__Goal of the exercise__
As you work through the listing below, copy each line exactly and drop the images.

++++ Dataset section

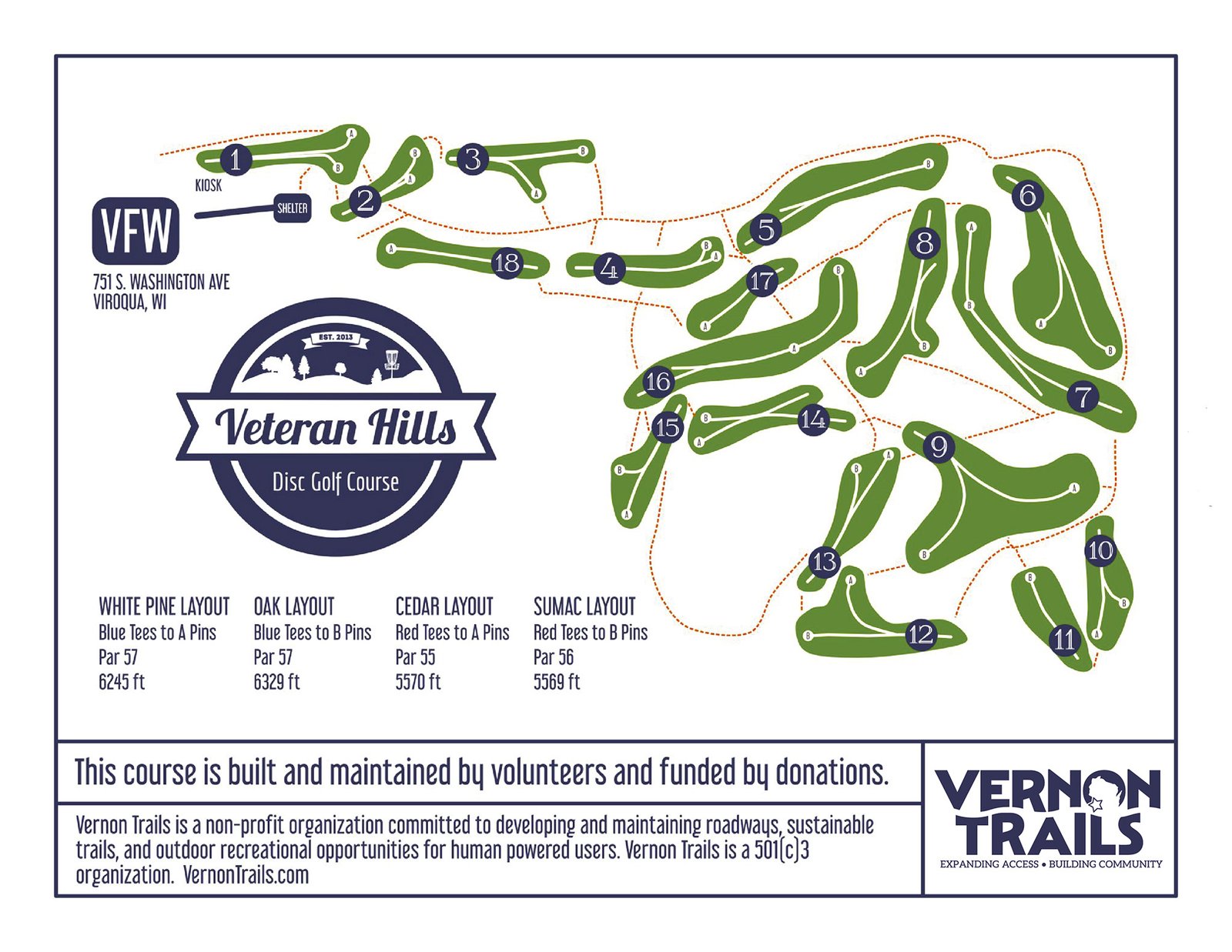 Veteran Hills Disc Golf Course exists because of a powerful partnership between Vernon Trails and the Viroqua VFW. Since 2013, we’ve transformed 40+ acres of their land into a championship-level disc golf course with 18 holes, multiple alternate layouts, and ongoing upgrades.
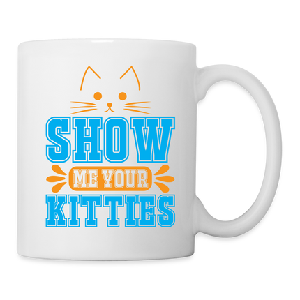 Introducing our "Show Me Your Kitties" Coffee Mug – the purr-fect way to enjoy your favorite brew with a touch of feline charm and playful humor!
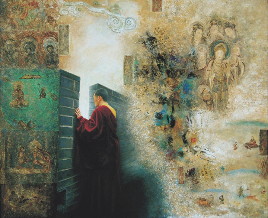 周娜的绘画主要取材于丝绸之路以及藏传佛教文化,而这其中的代表即为敦煌壁画、古格壁画和龟兹壁画。由于地域和历史原因,这一区域的绘画深受古希腊和罗马绘画影响。尤其是随着马其顿国王亚历山大东征,希腊人将其生活方式和文化传入东方,经此途径,东西方文化获得了直接交流和融合的机会。周娜的画展就是从这里感悟提炼出崭新的东方美学元素,用多种绘画语言表达对美的认知,从而形成自己独特的艺术风格。 (晶 晶)
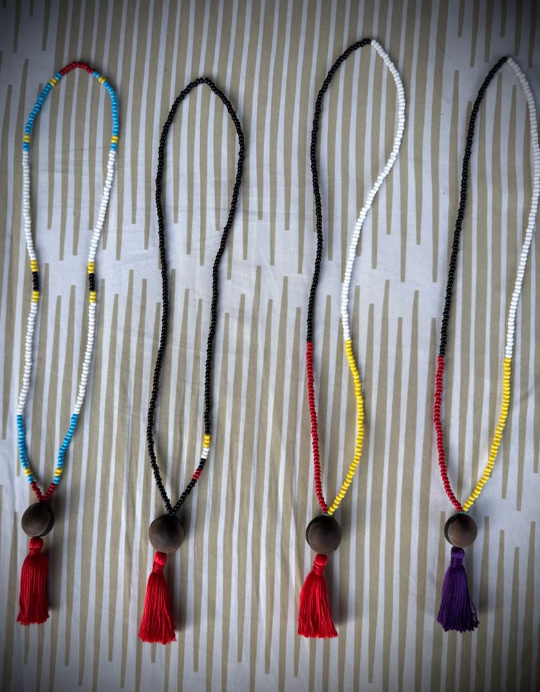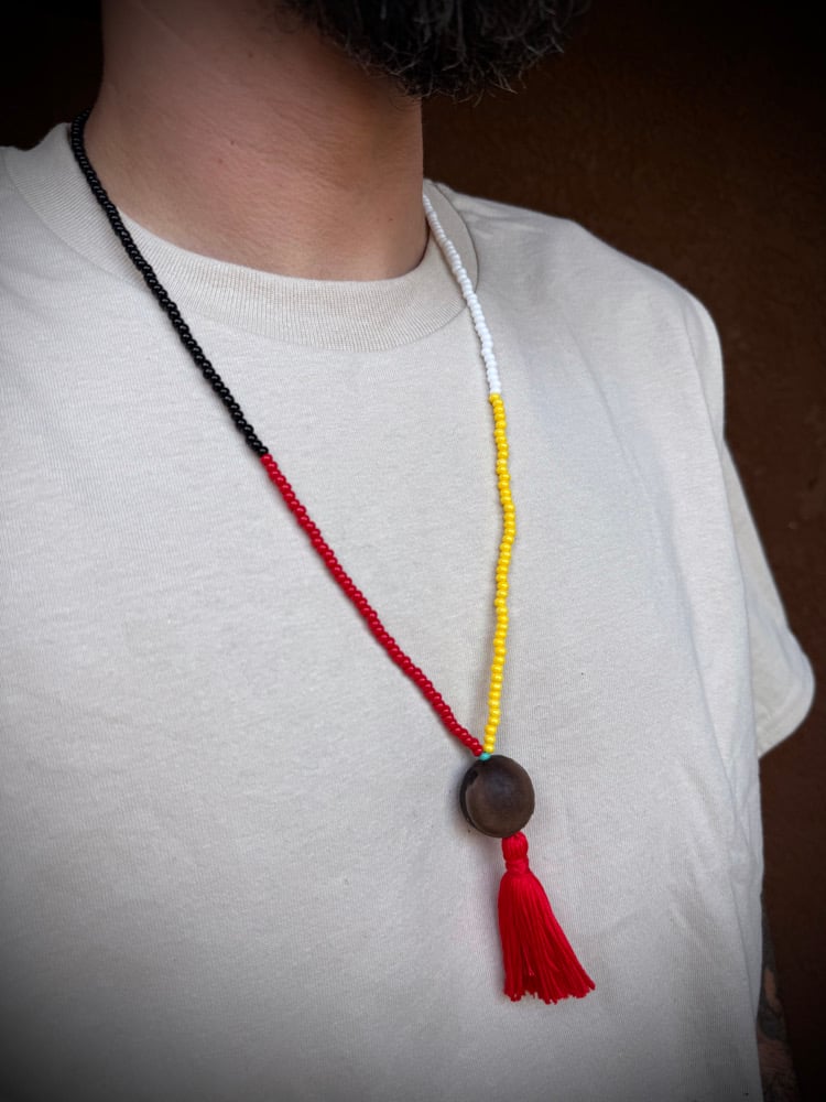 These are our Signature Ojo De Venado! Representing the Native Culture in its totality. Pure medicine. These necklaces are made with thin plastic fishing string for extra strength and fire forged for sealing to guarantee a strong hold. They are 38cm-40cm.

++++++++

__Solution for this task__
 Veteran Hills Disc Golf Course exists because of a powerful partnership between Vernon Trails and the Viroqua VFW. Since 2013, we’ve transformed 40+ acres of their land into a championship-level disc golf course with 18 holes, multiple alternate layouts, and ongoing upgrades.
 Introducing our "Show Me Your Kitties" Coffee Mug – the purr-fect way to enjoy your favorite brew with a touch of feline charm and playful humor!
 周娜的绘画主要取材于丝绸之路以及藏传佛教文化,而这其中的代表即为敦煌壁画、古格壁画和龟兹壁画。由于地域和历史原因,这一区域的绘画深受古希腊和罗马绘画影响。尤其是随着马其顿国王亚历山大东征,希腊人将其生活方式和文化传入东方,经此途径,东西方文化获得了直接交流和融合的机会。周娜的画展就是从这里感悟提炼出崭新的东方美学元素,用多种绘画语言表达对美的认知,从而形成自己独特的艺术风格。 (晶 晶)
 These are our Signature Ojo De Venado! Representing the Native Culture in its totality. Pure medicine. These necklaces are made with thin plastic fishing string for extra strength and fire forged for sealing to guarantee a strong hold. They are 38cm-40cm.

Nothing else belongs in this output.